Una riflessione che parte dal vissuto quotidiano. Un tema difficile che non deve, però, essere un tabù. La Fondazione Casa Cardinale Maffi, realtà che si occupa di anziani, persone con disabilità e patologie psichiatriche fino a pazienti che vivono in Usv-Unità stati vegetativi, si è fermata per riflettere sul grande tema del fine vita. E lo ha fatto con un doppio incontro, il primo formativo per gli operatori, l’altro pubblico che ha visto la partecipazione di padre Carlo Casalone, docente all’Università pontificia gregoriana, e del rettore Unipi Ricardo Zucchi. Una iniziativa, introdotta dal presidente Maffi Franco Luigi Falorni, e coordinata dal dottor Giuseppe Meucci, membro del cda Maffi.

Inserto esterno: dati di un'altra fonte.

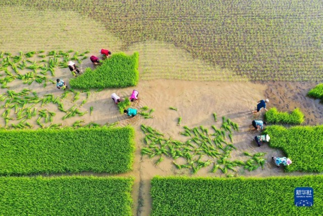 7月23日,在湖南省常宁市三角塘镇长江村,村民在起晚稻秧苗(无人机照片)。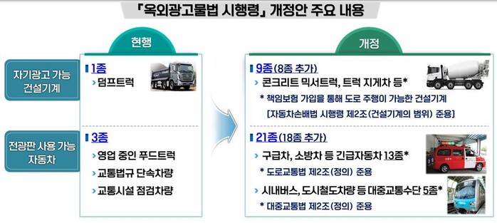 기존 시행령에서는 건설기계관리법상 34종(특수건설기계 8종 포함)의 건설기계 중 덤프트럭만을 자기광고가 가능한 교통수단으로 규정하고 있었다.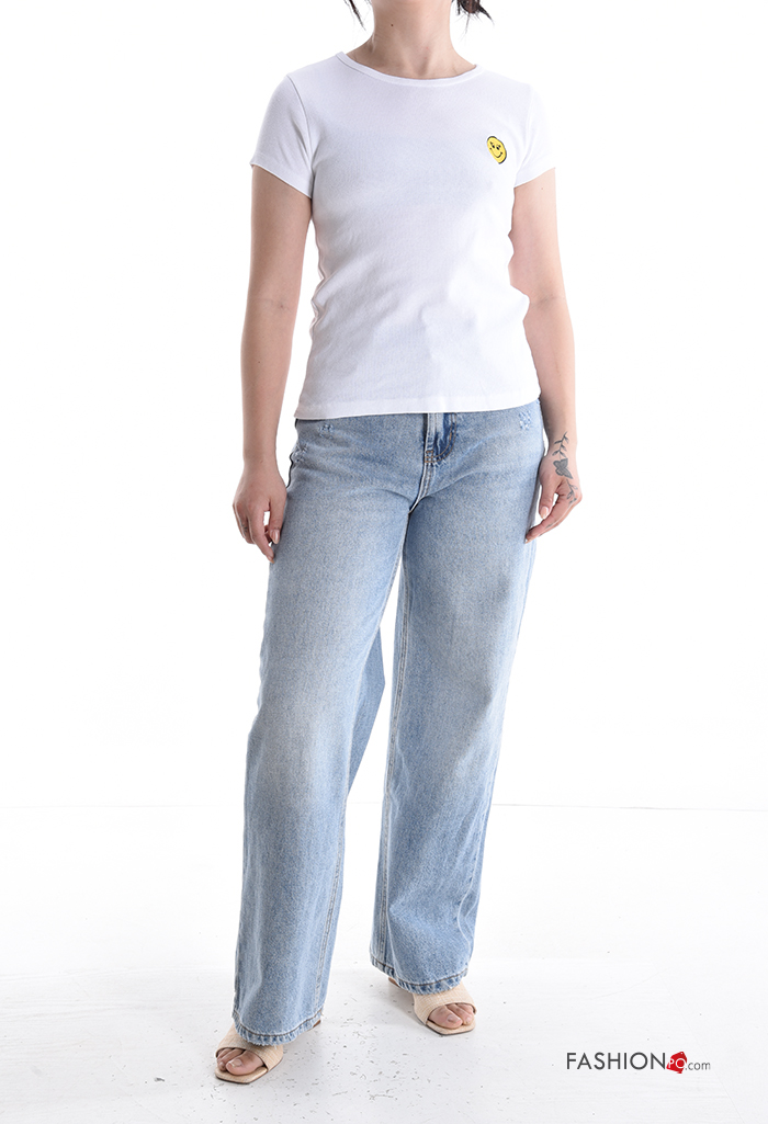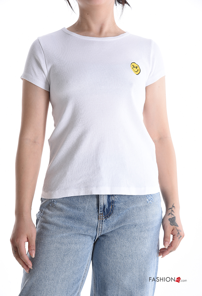 T-shirt in Cotone maniche corte girocollo Fantasia ricamata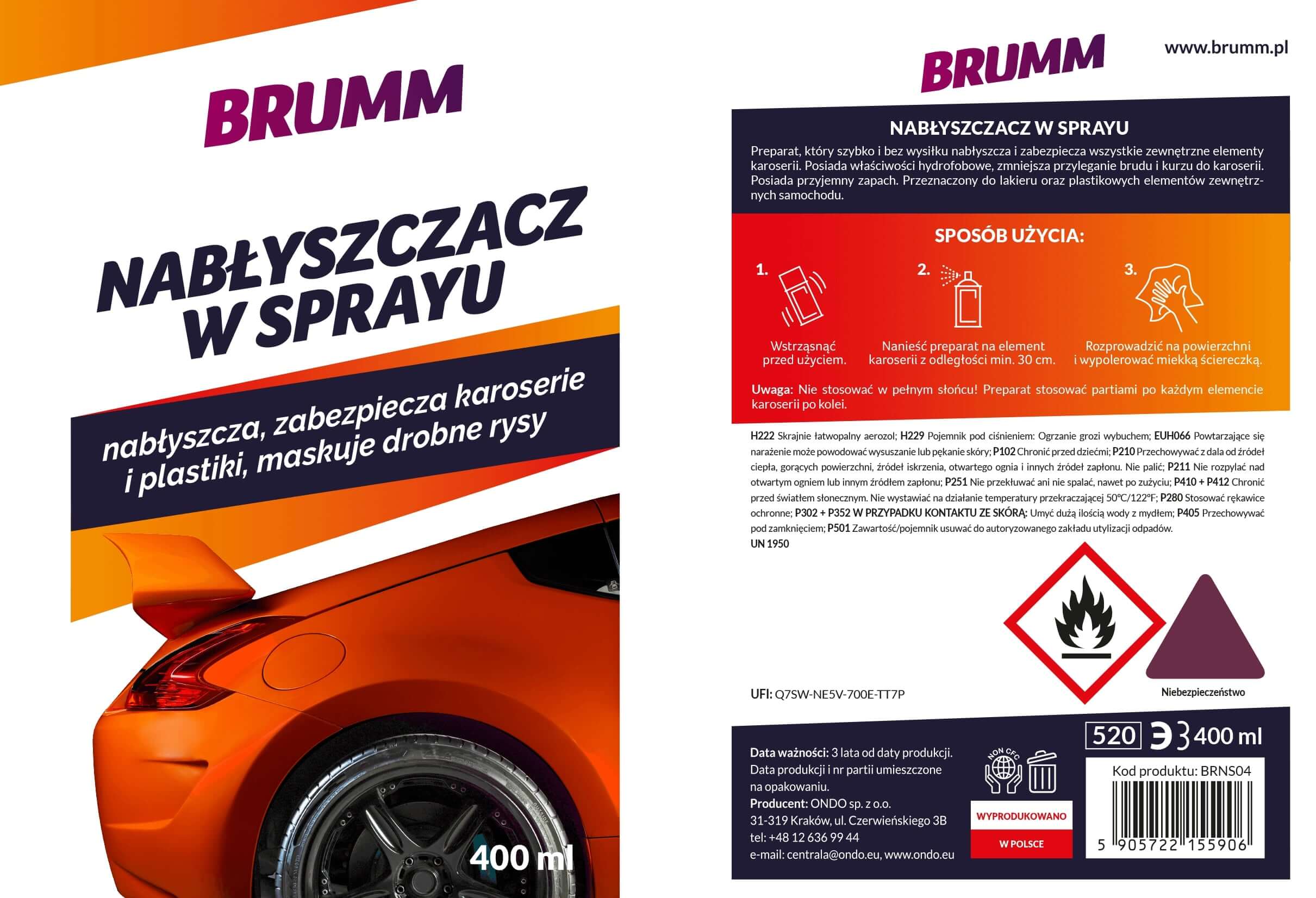 QUICK DETAILER BRUMM NABŁYSZCZA MASKUJE RYSY ZABEZPIECZA KAROSERIĘ 400 ml

Perché l’urgenza di questa riflessione?
"La Maffi è costituita da strutture residenziali diverse, dislocate nel territorio della Toscana nord-occidentale. Entità che hanno un fondamento comune: vi risiedono persone fragili. Come Maffi ci prendiamo cura di ciascuno, lungo tutto il percorso. Nel tempo, per motivi legati all’età, gravi patologie acquisite, o al progredire di patologie croniche e degenerative, veniamo a trovarci di fronte alla realtà della morte e alla condivisione del fine vita".
Ci sono strutture della Fondazione in cui questo tema viene sentito maggiormente?

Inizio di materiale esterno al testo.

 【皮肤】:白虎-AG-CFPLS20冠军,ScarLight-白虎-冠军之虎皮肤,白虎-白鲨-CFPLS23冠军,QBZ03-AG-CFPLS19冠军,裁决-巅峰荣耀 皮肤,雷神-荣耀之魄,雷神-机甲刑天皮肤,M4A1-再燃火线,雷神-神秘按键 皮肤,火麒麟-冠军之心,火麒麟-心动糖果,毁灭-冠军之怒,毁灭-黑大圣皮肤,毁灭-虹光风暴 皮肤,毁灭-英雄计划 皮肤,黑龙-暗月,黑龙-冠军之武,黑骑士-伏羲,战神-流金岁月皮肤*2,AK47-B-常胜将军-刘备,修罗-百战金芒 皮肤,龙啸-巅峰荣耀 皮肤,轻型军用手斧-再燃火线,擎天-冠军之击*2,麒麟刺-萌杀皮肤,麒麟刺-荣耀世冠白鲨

"Nella Unità Stati Vegetativi Aurora di Cecina, dove seguiamo attualmente 16 persone in stato di coma, stato vegetativo, stato di minima coscienza. Per ciascuna di queste persone viene assicurato un percorso di cura personalizzato, che si avvale di figure mediche, infermieristiche, assistenziali, con un supporto psicologico per tutti gli attori coinvolti e che comprende ogni possibile aspetto riabilitativo".
Quali sono le sfide e i problemi emergenti nell’Aurora?
"Stando ogni giorno sul campo, affrontiamo il tema del fine vita facendo nostro il percorso delle persone fragili che ci sono affidate, ma anche dei familiari, che se da un lato ci danno esempi preziosi di vicinanza, tenacia, affetto, dall’altro condividono domande sul senso della cura, sulla capacità di autodeterminazione della persona, sulle motivazioni del nostro agire, sulle linee da seguire e le scelte dei nostri interventi. Punti che non possiamo ignorare".
Sono temi generali, che hanno risonanza anche sui mezzi di comunicazione…
"In effetti i progressi della medicina ci mettono a disposizione provvedimenti terapeutici e mezzi di intervento che fino a pochi anni fa erano inimmaginabili. Ma l’adozione di un percorso di cura piuttosto che un altro ci impone di tener conto della singola persona, della sua storia, delle sue caratteristiche, per assicurare una proporzionalità degli interventi, un piano di trattamento ragionevole. E se da un lato è da evitare una ostinazione irragionevole dei trattamenti, dall’altro non si deve nemmeno pensare ad una rinuncia precoce delle cure, un abbandono immotivato".
Quali sono i riferimenti di base per l’attività della Fondazione, in questo ambito?
"E’ la carità cristiana. Un principio da declinare nella relazione con la persona. Siamo chiamati a saper stare, sostare, con pazienza, accanto alle persone che ci vengono affidate, tanto più quanto più gli eventi si fanno complicati".
Quali sono le indicazioni proposte da padre Casalone?
"Serve estrema prudenza. Abbiamo il compito di assicurare prossimità e supporto, tenendo presente che il faro è rappresentato dal valore e dal mistero della vita. Vi è in tutti noi la convinzione di dover proseguire in questo cammino di formazione, per vivere in modo consapevole le questioni del fine vita, in cui sono coinvolti - con ruoli diversi - comunità civile, scientifica, realtà socio-assistenziali. Ambito in cui la Fondazione è impegnata a testimoniare i propri valori, in un dialogo franco e aperto".